November 12, 2004

After the Sunset

Directed by Brett Ratner Starring Pierce Brosnan, Salma Hayek and Woody Harrelson

Reviewed by Martin Tsai

With glamorous lawbreaking protagonists and exotic Caribbean locales, After the Sunset outwardly aspires to be one of those sexy and amusing high-concept thrillers that appeal to an upscale adult audience. But in spite of slick execution by its capable cast and crew, the film's unimaginative plans are too easy for viewers to foil. Even its obligatory gotcha plot twists are transparent enough for sharp viewers to foresee long before they actually take place.

Shifting into The Thomas Crown Affair gear, a grizzly Pierce Brosnan stars as notorious diamond thief Max Brudett. (Wasn't Nic Cage available? Oh, wait! He must have been too busy stealing National Treasure.) Max and crime-partner Lola (Salma Hayek) have retired to a Bahamian island to squander the spoils of their unlawful exploits. Diamonds are forever, and old habits die hard. Six months later, they have already regressed to pocket picking for thrills. FBI agent Stan Lloyd (Woody Harrelson) shows up just in time to entice these longtime foes of his with tempting bait, in the form of a rare diamond on display aboard a cruise ship set to arrive at the local port. Crime kingpin Henry Moore (Don Cheadle) soon coerces Max's assistance and then screws him over a promised share. But as you've probably already guessed, Max has hatched a separate plan.

The crook-coming-out-of-retirement-for-one-last-score setup is obviously not novel, as it has manifested itself in such recent films as Gone in 60 Seconds and The Good Thief. In a foolish attempt at ingenuity, After the Sunset pays To Catch a Thief a gauche homage that unwittingly exposes its own inferiority. The film's other sycophantic references - such as cameos by Edward Norton and the entire L.A. Lakers - are just as meaningless.

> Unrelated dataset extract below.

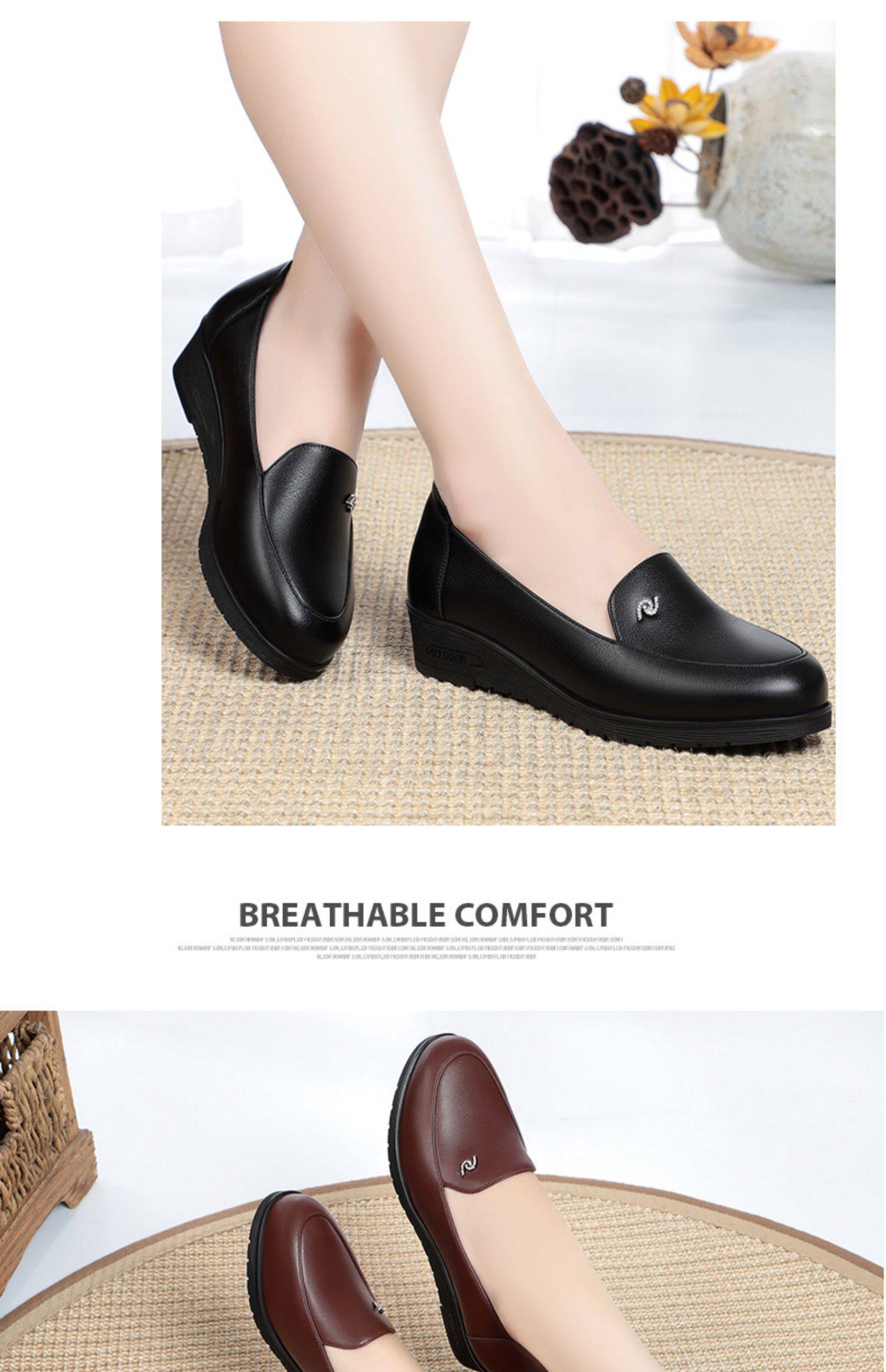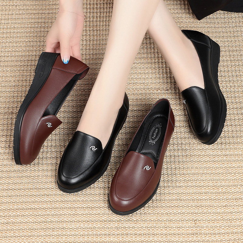 Мама ботинки одиночная обувь кожа мягкие дно с наклонами с средней и пожилой женски

Although the film seems very eager to be a crowd pleaser, some of its questionable choices have missed its target grown-up audience. The momentary sight of a topless Hayek probably gratifies the likes of Harry Knowles, but the klutzily homoerotic humour of two men rubbing sun-block lotion onto each other is just totally pathetic. Suspension of disbelief is generally requisite for a popcorn flick like this, but who in his or her right mind will believe Hayek has built an entire deck alone while sporting only a bikini and a pair of goggles? Some may revel in the film's ridiculousness, but the others will likely detect an insult to their intelligence.